# PPO2 on Solo8 v2 Vanilla for Quadrupedal Standing
Try to get the solo to stand on 4 feet stabley

## Ensure that Tensorflow is using the GPU

In [1]:
import tensorflow as tf
if tf.test.gpu_device_name():
    print('Default GPU Device: {}'.format(tf.test.gpu_device_name()))
else:
    print("Please install GPU version of TF")

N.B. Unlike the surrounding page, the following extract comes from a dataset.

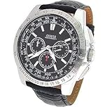 Take your sporty look to new depths with this aggressive GUESS chronograph watch. Stainless steel case. Croc-embossed leather strap with buckle closure. Three-hand analog quartz movement with three sub-dials. Water resistant to 330 feet.

Default GPU Device: /device:GPU:0


## Define Experiment Tags

In [2]:
TAGS = ['solov2vanilla', 'gpu', 'home_pos_split_task', 
        'unnormalized_actions']

# Import required libraries

In [3]:
from gym_solo.envs import solo8v2vanilla
from gym_solo.core import obs
from gym_solo.core import rewards
from gym_solo.core import termination as terms

import gym
import gym_solo



## Parse CLI arguments and register w/ wandb

This experiment will be using the auto trainer to handle all of the hyperparmeter running

In [4]:
from auto_trainer import params
import auto_trainer

The TensorFlow contrib module will not be included in TensorFlow 2.0.
For more information, please see:
  * https://github.com/tensorflow/community/blob/master/rfcs/20180907-contrib-sunset.md
  * https://github.com/tensorflow/addons
  * https://github.com/tensorflow/io (for I/O related ops)
If you depend on functionality not listed there, please file an issue.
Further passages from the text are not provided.